> **TASK ITEM**
From the line containing "This woven blended" down to the final line of the entries below, return each line exactly and drop the pictures.

•••

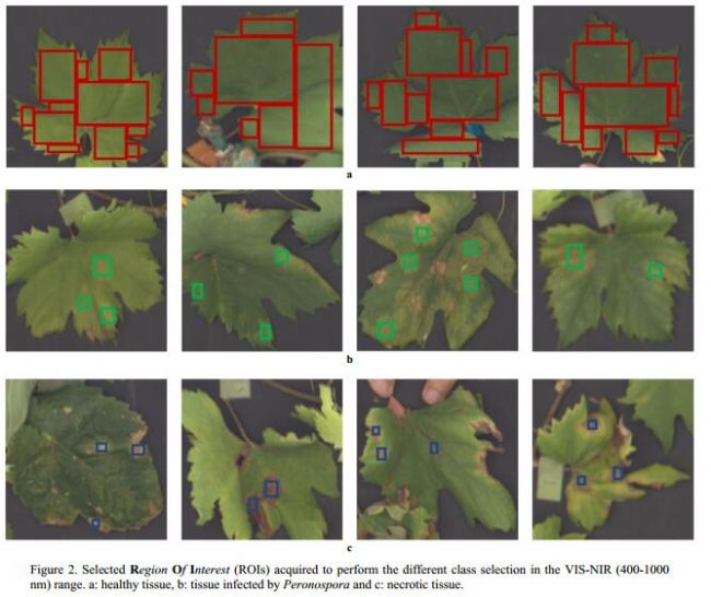 Fig.2給出了在VIS-NIR范圍(400-1000 nm)獲得的每個(gè)參考類(lèi)別的葉子(即健康的、受感染的和壞死的)所選擇的區(qū)域的示例, NIR范圍(1000-1700 nm)所選擇的區(qū)域如Fig.3所示。
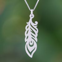 Sterling Silver Feather Pendant Necklace from Thailand 'Glamorous Feather' Item ID: 2671798791
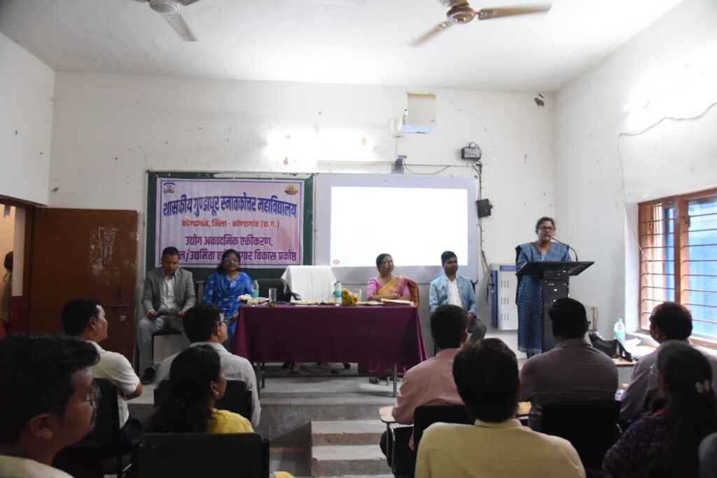 इसके पश्चात् मुख्य प्रवक्ता डॉ. देवेन्द्र मरावी, शहीद महेन्द्र कर्मा विश्वविद्यालय बस्तर द्वारा विद्यार्थियों को स्टार्टअप एवं जमीनी स्तर के नवप्रवर्तकों के बीच नवाचार उद्यमिता और समावेशी भागीदारी के लिए प्रोत्साहित किया गया एवं छत्तीसगढ़ आइडियाथान में छात्र छात्राओं को पंजीयन की प्रक्रिया से अवगत करवाया गया। साथ ही अधिक से अधिक छात्रों को पंजीयन करने हेतु प्रोत्साहित किया गया। इस अवसर पर शहीद महेन्द्र कर्मा विश्वविद्यालय बस्तर डॉ. नीरज कुमार वर्मा, प्रभारी महाप्रबंधक जिला व्यापार एवं उद्योग केन्द्र कोण्डागांव श्रीमती कुसुमलता नेताम, शासकीय गुण्डापुर स्नातकोत्तर महाविद्यालय कोण्डागांव सहायक प्राध्यापक डॉ. किरण नुरेटी एवं प्राचार्य सहित छात्र-छात्राएं एवं शिक्षक गण उपस्थित रहे।
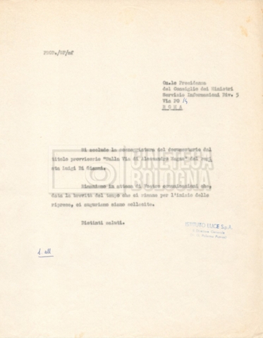 Contiene corrispondenza in copia, in entrata e in uscita, tra l”Istituto Luce’ e diversi enti e società, relativa alla realizzazione del documentario, in particolare si segnalano:
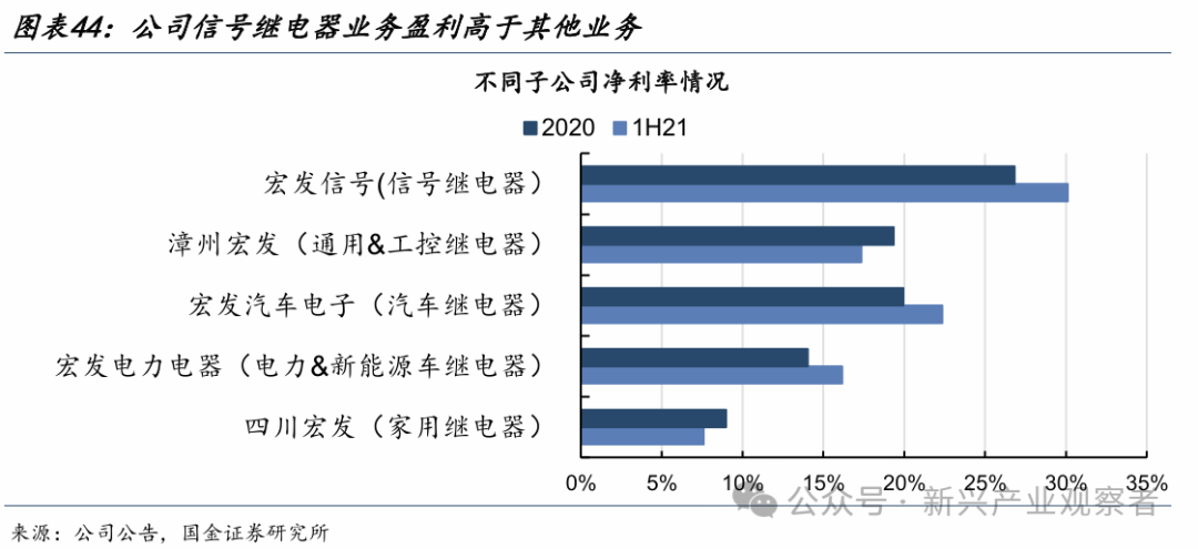 从盈利能力来看,信号继电器高于其他继电器下游,核心在于高技术壁垒(极小的体积内实现微弱信号的精准切换)+高安全权重(应用于安防、消防、网络通讯领域)+低成本敏感度三重叠加。我们认为,伴随5G/物联网的广泛应用与6G临近,安防/消防/温控等细分领域的需求提升,信号继电器有望维持稳健增长,同时公司在智能家居、医疗设备、新能源配套、检测等领域持续深挖新应用能够进一步开辟成长空间。
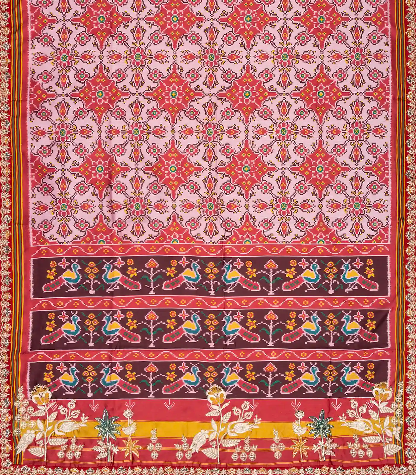 This woven blended silk saree is filled with ikat motifs in baby pink body along with border and pallu with hand embroidered selvedge
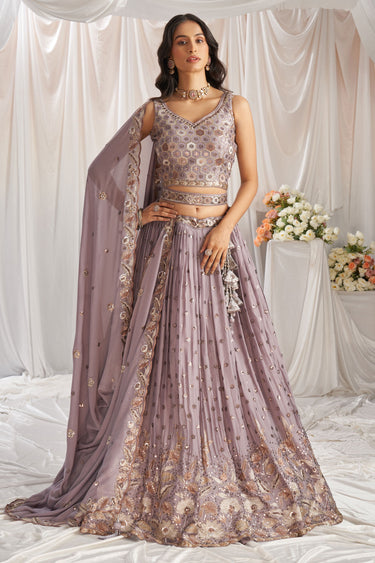 Thread Embroidery Poly Georgette Trendy Lehenga Choli In Lavender Color
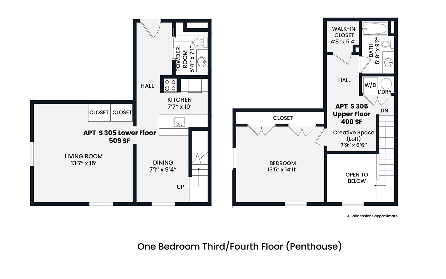 - Bi-Level Ceilings in Living Room - All VIP Penthouse Features Included - 2-Story Townhome Style Living - Extra Powder Room (1.5 Baths) - Extra Creative Space (Loft) - Premium View - One of only 8 Penthouse Apartment Homes at the Roe
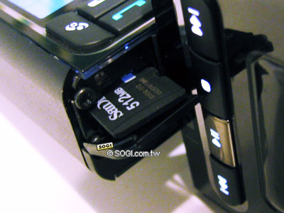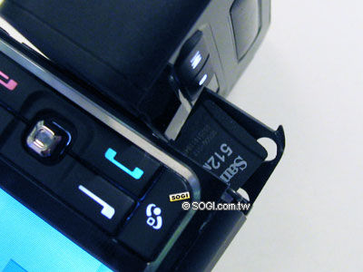 Nokia 3250 支援 micro SD(T-Flash)記憶卡,最大可支援到 1G 的記憶卡容量,而記憶卡插槽的位置則非常特殊,不仔細找還真難發現,Nokia 3250 的記憶卡插槽位於手機的旋轉鍵盤轉軸之間,還真是一個極為特殊與隱密之處啊…
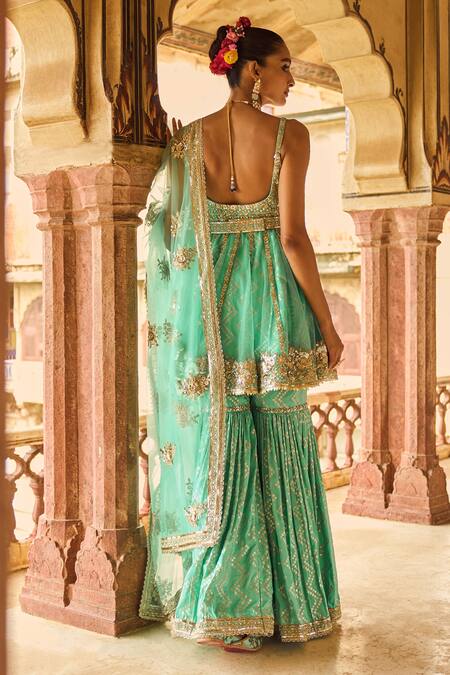 Green kurta featuring trellis embroidery on the bodice with stones, zari, and thread work. Paired with a chevron pattern gharara and an embroidered dupatta with sequins.
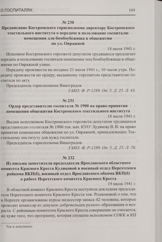 Из письма заместителя председателя Ярославского областного комитета Красного Креста Куликовой в военный отдел Нерехтского райкома ВКП(б), военный отдел Ярославского обкома ВКП(б) о работе Нерехтского комитета Красного Креста. 19 июля 1941 г. // ГАНИКО. Ф. Р-22. Оп. 1. Д. 622. Л. 28-28об.
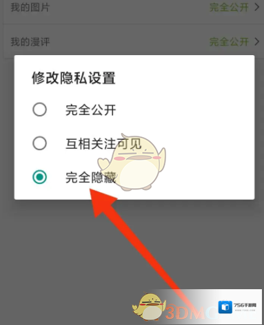 《追追漫画》隐藏收藏漫画方法 2025-07-30 18:04:36 编辑: 蓝色幸福 分类: 应用教程 • 阅读: 621 1、首先在追追漫画个人页点击设置; 2、设置列表选择隐私设置; 3、找到界面我收藏的漫画; 4、弹窗选择完全隐藏即可。 本文内容来源于互联网,如有侵权请联系删除。 追追漫画应用相关内容 全部 追追漫画列表 追追漫画隐私设置 追追漫画 追追漫画收藏 追追漫画隐藏 《追追漫画》添加好友方法介绍 追追漫画加好友的方法步骤 1、用户打开追追漫画客户端后,进入“搜索”栏目,在搜素框内输入漫画名或者是作者名,点击搜索; 追追漫画就可以 2、进入搜索结果详细页面后,用户点击上方的爱心按钮就可以收藏对方了; 追追漫画漫画名 3、如果是金融普通用户的详细... 2025-06-23 发表回复 请登录后评论... 登录后才能评论 评论列表 ( 0条)
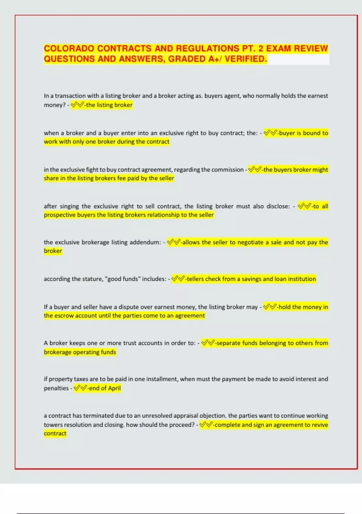 COLORADO CONTRACTS AND REGULATIONS PT. 2 EXAM REVIEW QUESTIONS AND ANSWERS, GRADED A+/ VERIFIED.| latest update 2024/25|
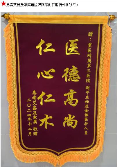 患者艾鑫及家属赠送锦旗感谢肝胆胰外科别平。-锦旗-患者心声-患者服务-重庆医科大学附属第三医院【官方网站】
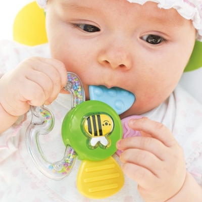 發聲玩具吸引孩子抓取 .咬牙膠讓孩子有安全感 .顏色柔和,外型可愛

•••

> **ANSWER BOX**
 This woven blended silk saree is filled with ikat motifs in baby pink body along with border and pallu with hand embroidered selvedge
 Thread Embroidery Poly Georgette Trendy Lehenga Choli In Lavender Color
 - Bi-Level Ceilings in Living Room - All VIP Penthouse Features Included - 2-Story Townhome Style Living - Extra Powder Room (1.5 Baths) - Extra Creative Space (Loft) - Premium View - One of only 8 Penthouse Apartment Homes at the Roe
 Nokia 3250 支援 micro SD(T-Flash)記憶卡,最大可支援到 1G 的記憶卡容量,而記憶卡插槽的位置則非常特殊,不仔細找還真難發現,Nokia 3250 的記憶卡插槽位於手機的旋轉鍵盤轉軸之間,還真是一個極為特殊與隱密之處啊…
 Green kurta featuring trellis embroidery on the bodice with stones, zari, and thread work. Paired with a chevron pattern gharara and an embroidered dupatta with sequins.
 Из письма заместителя председателя Ярославского областного комитета Красного Креста Куликовой в военный отдел Нерехтского райкома ВКП(б), военный отдел Ярославского обкома ВКП(б) о работе Нерехтского комитета Красного Креста. 19 июля 1941 г. // ГАНИКО. Ф. Р-22. Оп. 1. Д. 622. Л. 28-28об.
 《追追漫画》隐藏收藏漫画方法 2025-07-30 18:04:36 编辑: 蓝色幸福 分类: 应用教程 • 阅读: 621 1、首先在追追漫画个人页点击设置; 2、设置列表选择隐私设置; 3、找到界面我收藏的漫画; 4、弹窗选择完全隐藏即可。 本文内容来源于互联网,如有侵权请联系删除。 追追漫画应用相关内容 全部 追追漫画列表 追追漫画隐私设置 追追漫画 追追漫画收藏 追追漫画隐藏 《追追漫画》添加好友方法介绍 追追漫画加好友的方法步骤 1、用户打开追追漫画客户端后,进入“搜索”栏目,在搜素框内输入漫画名或者是作者名,点击搜索; 追追漫画就可以 2、进入搜索结果详细页面后,用户点击上方的爱心按钮就可以收藏对方了; 追追漫画漫画名 3、如果是金融普通用户的详细... 2025-06-23 发表回复 请登录后评论... 登录后才能评论 评论列表 ( 0条)
 COLORADO CONTRACTS AND REGULATIONS PT. 2 EXAM REVIEW QUESTIONS AND ANSWERS, GRADED A+/ VERIFIED.| latest update 2024/25|
 患者艾鑫及家属赠送锦旗感谢肝胆胰外科别平。-锦旗-患者心声-患者服务-重庆医科大学附属第三医院【官方网站】
 發聲玩具吸引孩子抓取 .咬牙膠讓孩子有安全感 .顏色柔和,外型可愛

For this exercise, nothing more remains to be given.